GIVEN DATA:
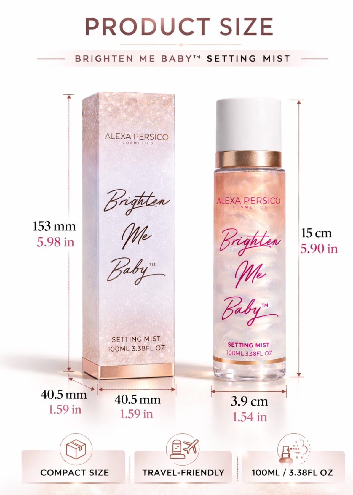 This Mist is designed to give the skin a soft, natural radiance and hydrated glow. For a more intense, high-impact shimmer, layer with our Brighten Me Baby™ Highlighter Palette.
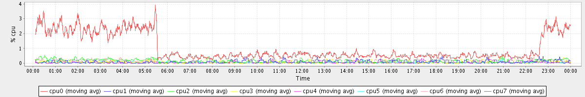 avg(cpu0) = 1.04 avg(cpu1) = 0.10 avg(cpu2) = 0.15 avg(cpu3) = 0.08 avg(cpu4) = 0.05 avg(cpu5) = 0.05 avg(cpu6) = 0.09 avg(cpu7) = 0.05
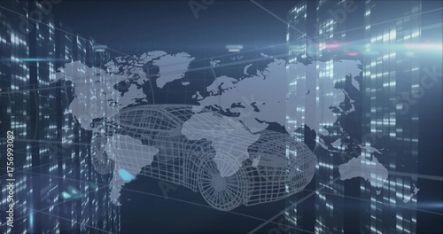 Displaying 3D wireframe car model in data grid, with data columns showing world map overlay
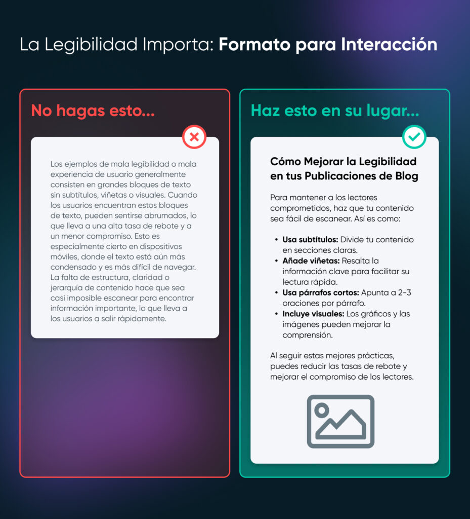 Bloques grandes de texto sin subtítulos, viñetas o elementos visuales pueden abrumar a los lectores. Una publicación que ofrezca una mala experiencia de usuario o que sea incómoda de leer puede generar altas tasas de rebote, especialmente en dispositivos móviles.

WHAT YOU ARE ASKED TO DO:
The exact lines from the one containing "Displaying 3D wireframe" through the end of the data are to be copied, with both ends kept and pictures left out.

REPLY:
 Displaying 3D wireframe car model in data grid, with data columns showing world map overlay
 Bloques grandes de texto sin subtítulos, viñetas o elementos visuales pueden abrumar a los lectores. Una publicación que ofrezca una mala experiencia de usuario o que sea incómoda de leer puede generar altas tasas de rebote, especialmente en dispositivos móviles.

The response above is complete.